Many, including herself, opt to work less than full time for a more manageable work-life balance. But reducing hours means a drop in take-home pay.

 

junior doctor, IA 2022 Junior doctors protest pay in London in July 2022

And Dr Thackray notes a ‘real lack of continuity across wards and teams’ since before she returned to medicine when the GMC ‘removed barriers’ to re-entry at the height of the COVID pandemic in 2020.

‘When I was initially a registrar I worked for a block, so for one consultant on one ward and had specific junior doctors I worked with as a team. You had community and support. We’ve lost that continuity that benefitted both us and the patients.

‘It’s been slightly easier for me recently because I’m settled and have a community outside of work, but there are junior doctors scattered around the country who, especially during lockdowns, were not able to meet other people.’ 

Everyone is feeling incredibly tired and burnt out
Dr Thackray

This lack of continuity has also impacted training opportunities for younger doctors, she notes, with senior grade doctors ‘sometimes not having any capacity to do anything else on top of absolutely everything else they’re already doing’.

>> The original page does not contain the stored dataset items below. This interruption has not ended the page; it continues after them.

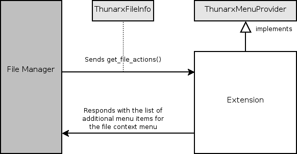 The extensions interact with the file manager by implementing so called providers. This is a concept adopted from the Nautilus Extension Framework.
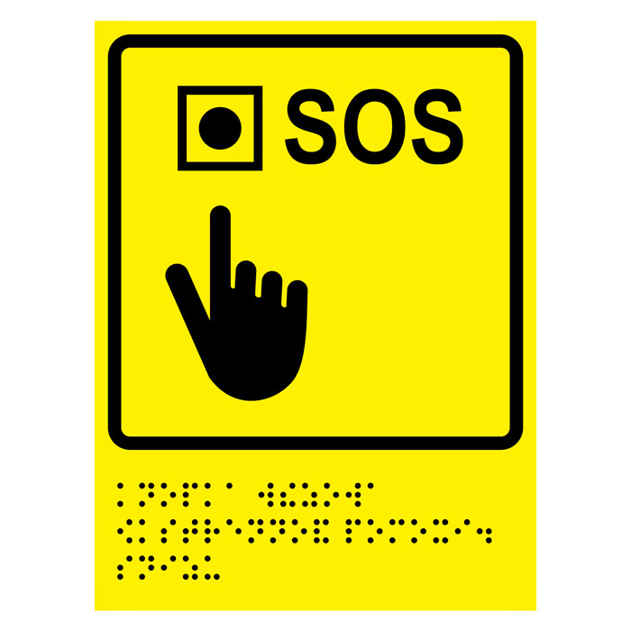 Тактильная пиктограмма «Кнопка вызова экстренной помощи» с азбукой Брайля, ДС66 (полистирол 3 мм, 150х225 мм) в Бердске купить
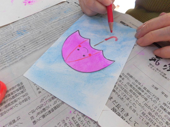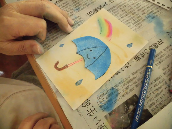 今日のパステルアートは、そんな憂鬱な気分を吹き飛ばしてくれる様な、かわいい傘を描きました。入居者様もとてもかわいい傘が仕上がりました。
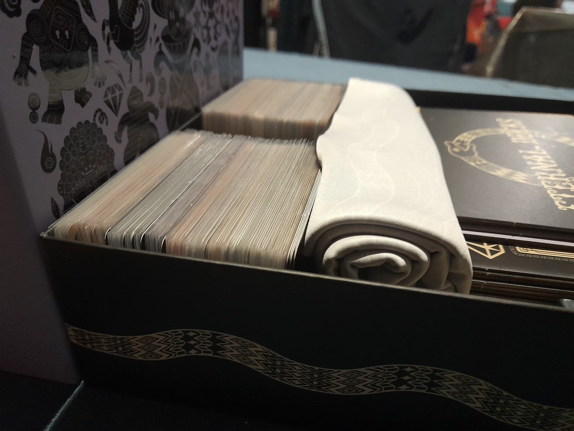 Je n’utilise pas de nappe sur mes tables. J’ai bien des playmats universels pour mes jeux, mais aucun au format carré ni assez large/haut pour accueillir le tissu du jeu.
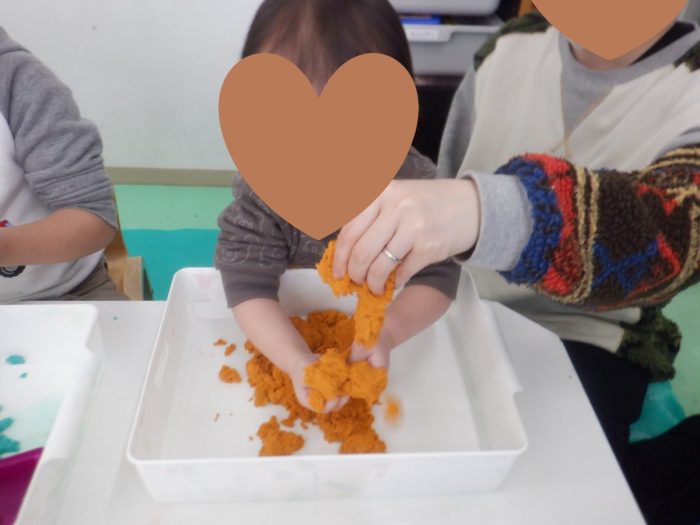 午前は、自立課題をし、皆大好きな砂粘土遊びを行っています!

Dr Thackray insists: ‘That’s not a fault of the consultants, that’s just how medicine is working.’

Her opinion, like that of many doctors, is that the systemic issues leading to the NHS workforce crisis can only be fixed with retention, which boils down to better conditions and pay.

‘Everyone is feeling incredibly tired and burnt out – which makes everyone’s threshold for coping with things much lower,’ she says. ‘With COVID and flu and increasing staff sickness, I don’t know how we’re going to cope this winter.’